Module Version: 0.16
- NAME
- SYNOPSIS
- DESCRIPTION
- new
- get_param
- set_param
- fmin
- get_status
- status_ok
- List of Parameters
- List of Status Codes
- LBFGS_OK
- LBFGSERR_UNKNOWNERROR
- LBFGSERR_LOGICERROR
- LBFGSERR_OUTOFMEMORY
- LBFGSERR_CANCELED
- LBFGSERR_INVALID_N
- LBFGSERR_INVALID_N_SSE
- LBFGSERR_INVALID_MINSTEP
- LBFGSERR_INVALID_MAXSTEP
- LBFGSERR_INVALID_FTOL
- LBFGSERR_INVALID_GTOL
- LBFGSERR_INVALID_XTOL
- LBFGSERR_INVALID_MAXLINESEARCH
- LBFGSERR_INVALID_ORTHANTWISE
- LBFGSERR_OUTOFINTERVAL
- LBFGSERR_INCORRECT_TMINMAX
- LBFGSERR_ROUNDING_ERROR
- LBFGSERR_MINIMUMSTEP
- LBFGSERR_MAXIMUMSTEP
- LBFGSERR_MAXIMUMLINESEARCH
- LBFGSERR_MAXIMUMITERATION
- LBFGSERR_WIDTHTOOSMALL
- LBFGSERR_INVALIDPARAMETERS
- LBFGSERR_INCREASEGRADIENT

- SEE ALSO
- AUTHOR
- COPYRIGHT AND LICENSE
- REFERENCE

Algorithm::LBFGS - Perl extension for L-BFGS

use Algorithm::LBFGS; # create an L-BFGS optimizer my $o = Algorithm::LBFGS->new; # f(x) = (x1 - 1)^2 + (x2 + 2)^2 # grad f(x) = (2 * (x1 - 1), 2 * (x2 + 2)); my $eval_cb = sub { my $x = shift; my $f = ($x->[0] - 1) * ($x->[0] - 1) + ($x->[1] + 2) * ($x->[1] + 2); my $g = [ 2 * ($x->[0] - 1), 2 * ($x->[1] + 2) ]; return ($f, $g); }; my $x0 = [0.0, 0.0]; # initial point my $x = $o->fmin($eval_cb, $x0); # $x is supposed to be [ 1, -2 ];

L-BFGS (Limited-memory Broyden-Fletcher-Goldfarb-Shanno) is a quasi-Newton method for unconstrained optimization. This method is especially efficient on problems involving a large number of variables.

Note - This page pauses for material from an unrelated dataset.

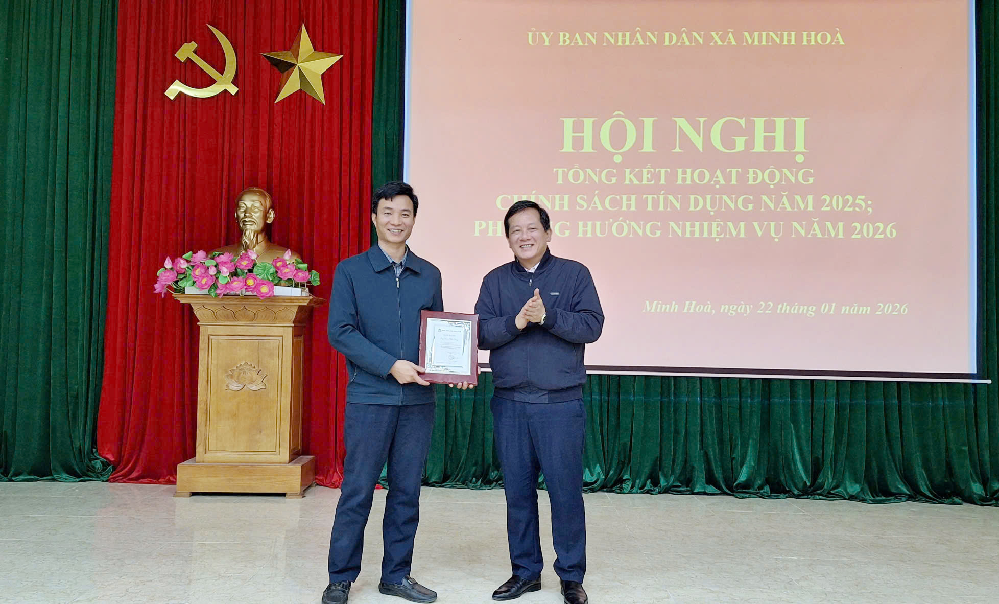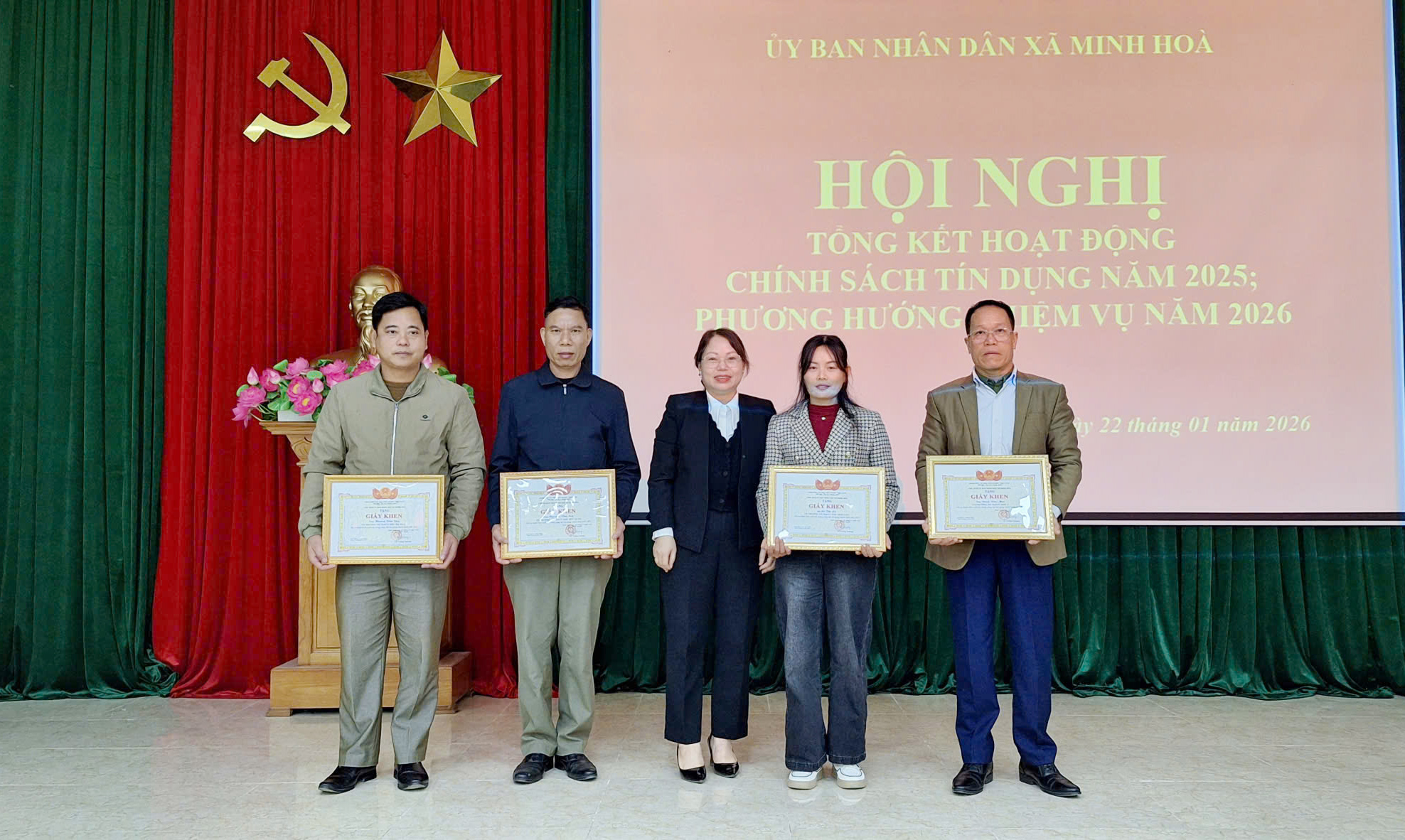 Nhân dịp này Ngân hàng chính sách xã hội Việt Nam đã vinh danh 01 cá nhân; UBND xã Minh Hòa tặng giấy khen cho 04 cá nhân có thành tích xuất sắc trong công tác hoạt động tín dụng chính sách xã hội năm 2025.
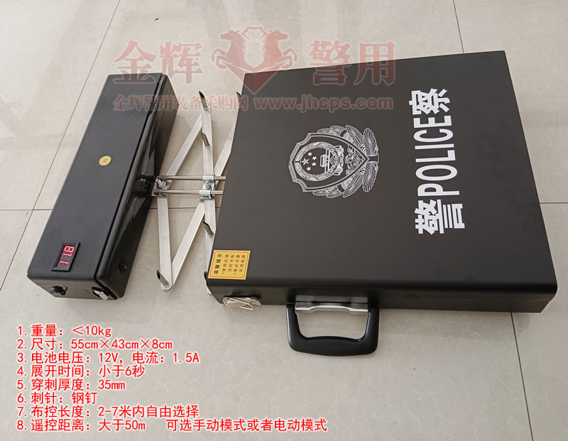 1.重量:<10kg 2.尺寸:55cm×43cm×8cm 3.電池電壓:12V,電(diàn)流:1.5A 4.展(zhǎn)開時間:小(xiǎo)於6秒 5.穿(chuān)刺厚度:35mm 6.刺(cì)針:鋼釘 7.布控長(zhǎng)度:2-7米內自由選擇 8.遙控距離:大於50m 9.可選手動模式(shì)或者電動模式

Generally, it solves a problem described as following:

min f(x), x = (x1, x2, ..., xn)

Jorge Nocedal wrote a Fortran 77 version of this algorithm.

http://www.ece.northwestern.edu/~nocedal/lbfgs.html

And, Naoaki Okazaki rewrote it in pure C (liblbfgs).

http://www.chokkan.org/software/liblbfgs/index.html

This module is a Perl port of Naoaki Okazaki's C version.

`new`

creates a L-BFGS optimizer with given parameters.

my $o1 = new Algorithm::LBFGS(m => 5); my $o2 = new Algorithm::LBFGS(m => 3, eps => 1e-6); my $o3 = new Algorithm::LBFGS;

If no parameter is specified explicitly, their default values are used.

The parameter can be changed after the creation of the optimizer by "set_param". Also, they can be queryed by "get_param".

Please refer to the "List of Parameters" for details about parameters.

Query the value of a parameter.

my $o = Algorithm::LBFGS->new; print $o->get_param('epsilon'); # 1e-5

Change the values of one or several parameters.

my $o = Algorithm::LBFGS->new; $o->set_param(epsilon => 1e-6, m => 7);

The prototype of "fmin" is like

x = fmin(evaluation_cb, x0, progress_cb, user_data)

As the name says, it finds a vector x which minimize the function f(x).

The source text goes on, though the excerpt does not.